So you can have a perfectly good and worthwhile model of the golf swing, but there may still be questions you can't ask it. That doesn't mean the model is worthless; it just means you need a different model for the particular question you want to ask.

The Double Pendulum Model

In addition to a good explanation of why we need a swing model, Cochran & Stobbs gave us a simple first model, one that served the golf community for 30 years. It was the double-pendulum model of the golf swing.


Shoulder turn

Wrist hinge
(Photos from Cochran & Stobbs, "Search for the Perfect Swing")

Cochran & Stobbs observed that the most prominent motions in a golf swing were a turn of the shoulders and a hinging of the wrists. (Each motion is demonstrated separately in the photos above.) Then they made the scientist/modeler's leap: Suppose I constructed a model of just these two motions. That would be manageable for analysis. Does it match what actually goes on in a golf swing well enough to be a useful model?

History has proven it very useful, even if missing some of the details of the swing. Here then are the elements of that model:
  • A double pendulum, consisting of two levers, an upper and a lower. The upper corresponds to the arms, and the lower corresponds to the club.
  • A fixed pivot at the inner end of the upper lever. This corresponds to a point between the shoulders, about which the body turns and rotates the arms.
  • A hinge between the upper and lower levers. This corresponds to the arms and hands; the angle at this hinge is wrist cock.
  • A pair of  "torque generators", one at each hinge, that allow the application of an arbitrary torque at the hinges. (More explanation of this below.)
  • A "stop" at the hinge, limiting the angle of wrist cock. Quoting C&S, "You can think of the stop as a wedge of slightly yielding material which prevents the two levers from jack-knifing on each other. It represents the golfer's inability to cock his wrists by more than 90º or so."

A word about forces -- and torque


The swing models we discuss are generally composed of limbs and joints. Muscular "forces" are applied at the joints. They can't just move a limb arbitrarily. The only way they can move a limb is for the muscles that span the joint to cause one limb to exert a force to move the other.

But how do joints move? They are pivots or hinges. They allow the limbs to turn, one with respect to another. Therefore, the only forces the muscles can exert at the joint is a turning force -- a torque. (See the physics primer if this is at all mysterious to you. Understanding torque is absolutely essential to understanding the models.)

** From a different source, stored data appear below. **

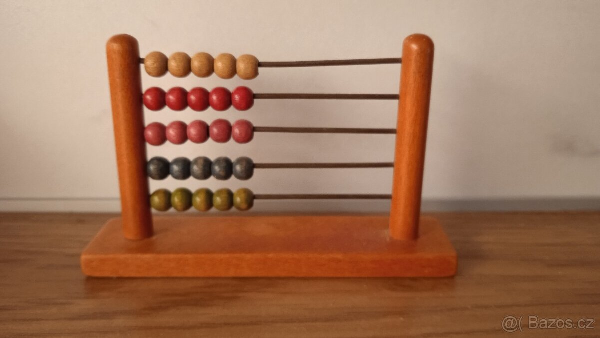 Prodám starožitné miniaturní počítadlo ze dřeva a kovu, 8x5cm.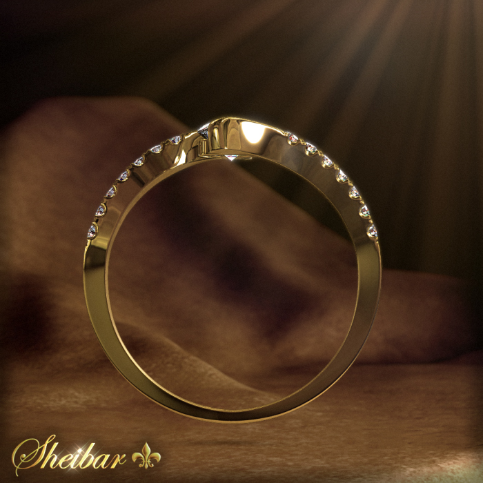 Model Engagement ring "mazal", twist ring. This engagement ring is designed in the form of its famous twist, with the ring ring starting from the base of the ring and rising up each side interpreted in another direction, creating an interesting twist. This ring is delicate in its beauty and very special. On both sides of the ring are high-quality diamonds on shiny gold, while in the center of the ring you can see a beautiful center diamond weighing 0.25 inlaid between the two golden walls of the ring without teeth and thus is at the same height of the gold without the "bump" of the diamond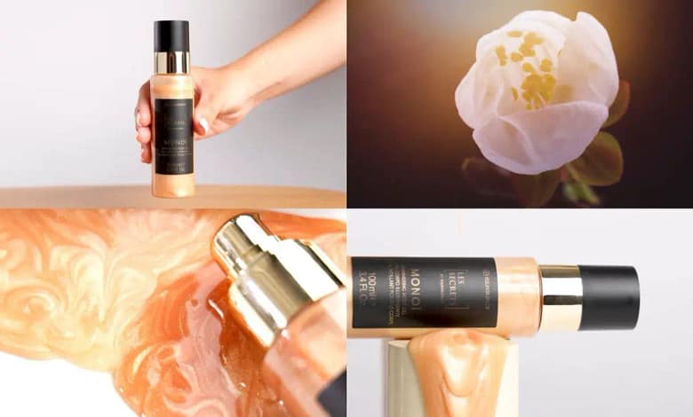 Loções corporais com textura em gel e partículas douradas, com fragâncias Tonka e Monoi, com ácido hialurónico para hidratação da pele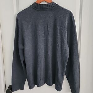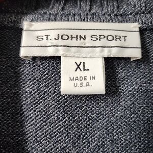 This luxury gray cardigan by St John Sport features a wool blend material with leather trim, making it a stylish and versatile addition to any wardrobe. The full zip design and collared neckline give it a classic look, while the long sleeves and XL size make it perfect for a casual occasion. With a sporty theme, this sweater is ideal for the winter, fall, and spring seasons, adding a touch of elegance to any outfit.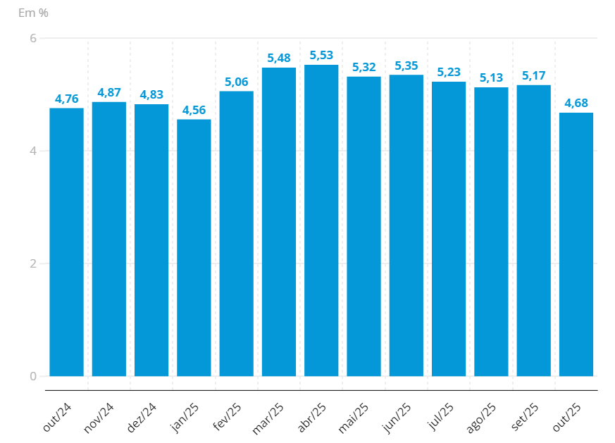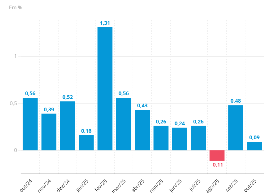 Após alta de 0,48% em setembro, pressionada principalmente pelos preços da conta de luz, a inflação medida pelo IPCA desacelerou para 0,09% em outubro, o menor índice para esse mês desde 1998, conforme dados divulgados pelo IBGE. O resultado surpreendeu os analistas, que esperavam alta de 0,15%. No acumulado do ano, a inflação está em 3,73%, e nos últimos 12 meses, em 4,68%, aproximando-se do teto da meta estabelecida pelo Conselho Monetário Nacional (CMN).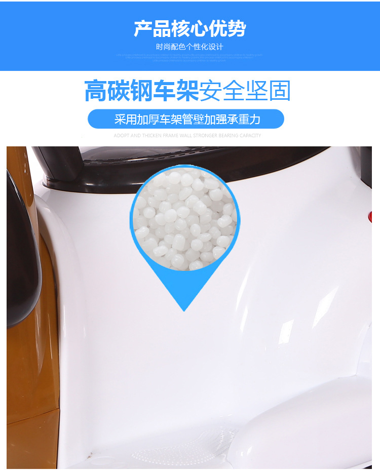 1.真车一键启动控制开关 2.前后LED灯独家设计工艺 3.钢梁车架与PVC环保耐摔外壳组成 4.可调节音量大小 5.升级重低音喇叭设计,无杂音 6.人性化脚踩油门设计,踩住启动,松开停止,安全可靠,自由控制 7.前进,停止,后退三挡调节 8.靠背护栏计,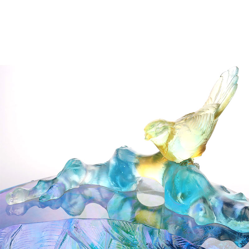 • 鳥の装飾が施されたクリスタルガラスのフルーツボウル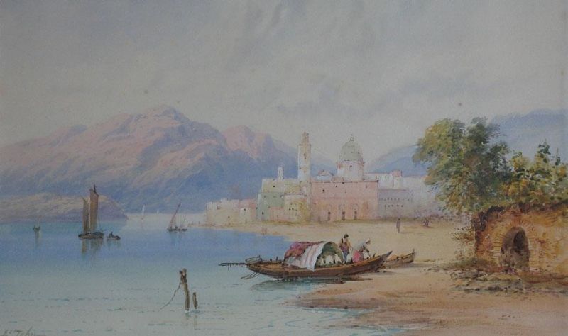 | View of Amalfi from the lakeside with fishing boats in the foreground and mountains in the distance | |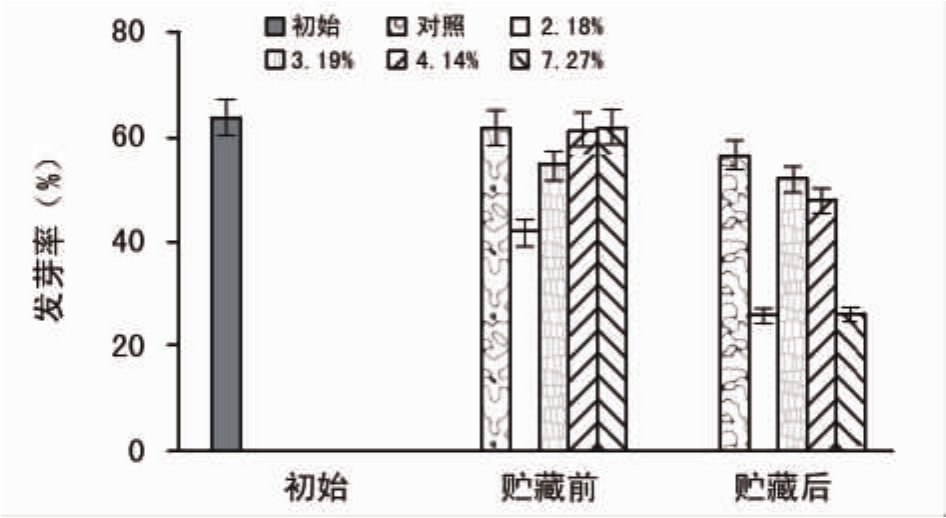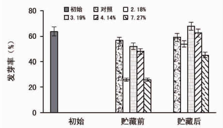 图1 贮藏对不同含水量种子发芽率的影响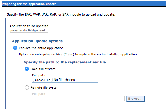 3. Select Replace the entire application. Here you can either upload the file (Local file system) or refer to a path on a application server (Remote file system):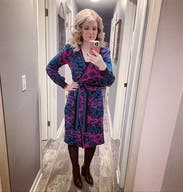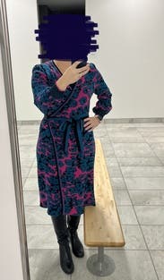 Pretty, heavy knit dress that wraps generously over the chest area. Nothing worse than having to wear a camisole under these types of dresses. It's cold where I live now so hopefully can wear somewhere beyond the bathroom. :- ) could have worn a small in this as it runs TTS. My size 28 waist 5'7" 138lbs

The picture shows how a joint turns a muscular contraction into a torque. The joint in this case is the elbow. The biceps muscle contracts (shortens forcefully -- that is what muscles do), pulling on the inside of the joint. At the same time, the triceps muscle is relaxed, exerting no force on the outside of the joint. The result is a net torque (turning force) exerted on the forearm by the upper arm -- the blue arrow in the picture. The torque "flexes" the arm; that is, creates a more acute angle at the elbow joint.

To exert a torque in the opposite direction -- to "extend" the arm rather than "flex" it -- the triceps would contract and the biceps would relax. The pull of the triceps is exerted on the outside of the elbow joint, so the torque would be the reverse of the blue arrow shown in the picture.

All the muscular "forces" of interest in all the swing models here are of this type: a torque at a joint, rather than a pure pushing or pulling force.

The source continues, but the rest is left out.